Hari Kamis, tanggal 9 Desember 2021, Pimpinan dan Hakim Pengadilan Agama Kab. Kediri mengikuti Kegiatan Bincang Hukum dengan tema "Hak-hak Keperdataan Tahanan atau Narapidana Berhadapan dengan Hukum Perdata (Kehadiran dalam Persidangan Secara Langsung atau Virtual)". Undangan Bincang Hukum ini berdasarkan surat Direktorat Jenderal Badan Peradilan Agama Republik Indonesia nomor : 4136/DjA.2/HM.00/12/2021. Kegiatan ini diselenggarakan dalam rangka meningkatkan kualitas dan kapasitas hakim serta aparat peradilan agama dalam permasalahan teknis yustisial.

Bincang Hukum ini dibuka oleh Ketua Kamar Agama Mahkamah Agung RI, Dr. H. Amran Suadi, S.H., M.H., M.M. dengan dihadiri narasumber dari Kementerian Hukum dan HAM RI serta Ketua Pengadilan Tinggi Agama Gorontalo.

Satuan kerja yang melaksanakan kegiatan bincang hukum ini adalah Pengadilan Agama Tilamuta yang berada pada wilayah hukum Pengadilan Tinggi Agama Gorontalo.
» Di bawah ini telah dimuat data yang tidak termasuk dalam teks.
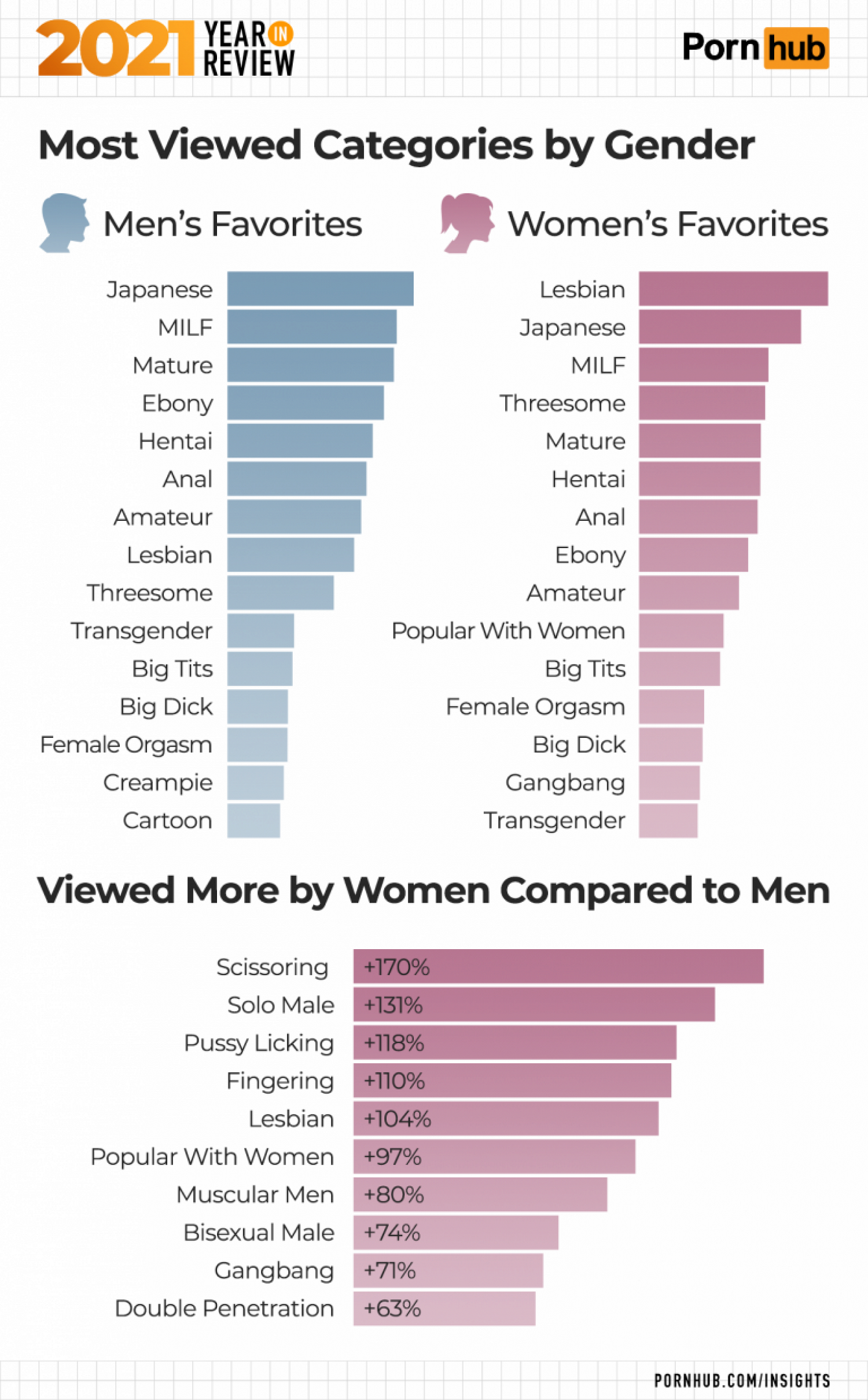 Предпочтения по самым популярным категориям между полами незначительны. И там и там в топе «японское», «milf», «mature» и «хентай». Правда, женщины немного чаще ищут порно с лесбиянками и сексом втроем, а мужчины — с темнокожими и трансгендерами.

Beberapa Bapak Hakim yang lain mengikuti acara bincang hukum ini melalui website YouTube channel Pengadilan Agama Tilamuta.
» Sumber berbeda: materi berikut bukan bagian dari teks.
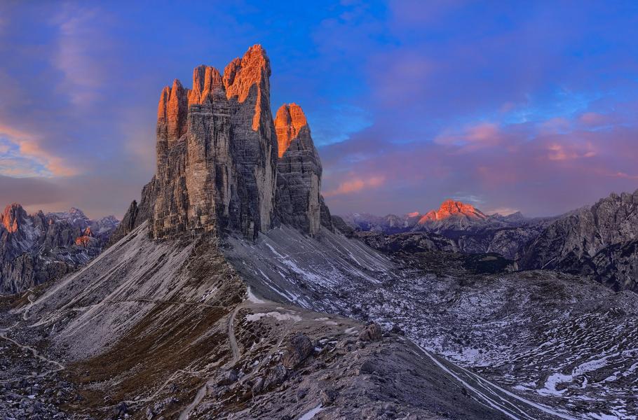 Na snímku je zachycen pohled na Tre Cime di Lavaredo při východu slunce.

Dalam sesi bincang hukum ini Bapak Thurman M. Hutapea, Direktur Binapilatkepro Ditjenpas Kemenkumham, menyampaikan pernyataan beliau sebagai berikut :
"Mempertahankan hubungan perkawinan adalah salah satu bentuk mempertahankan hak keperdataan.
Dengan demikian, maka ketika seorang narapidana dilarang/ dihalangi menghadiri
persidangan perkara perceraian yang diajukan oleh suaminya/ isterinya,
maka sama saja menghilangkan hak si narapidana
untuk mempertahankan hak keperdataannya."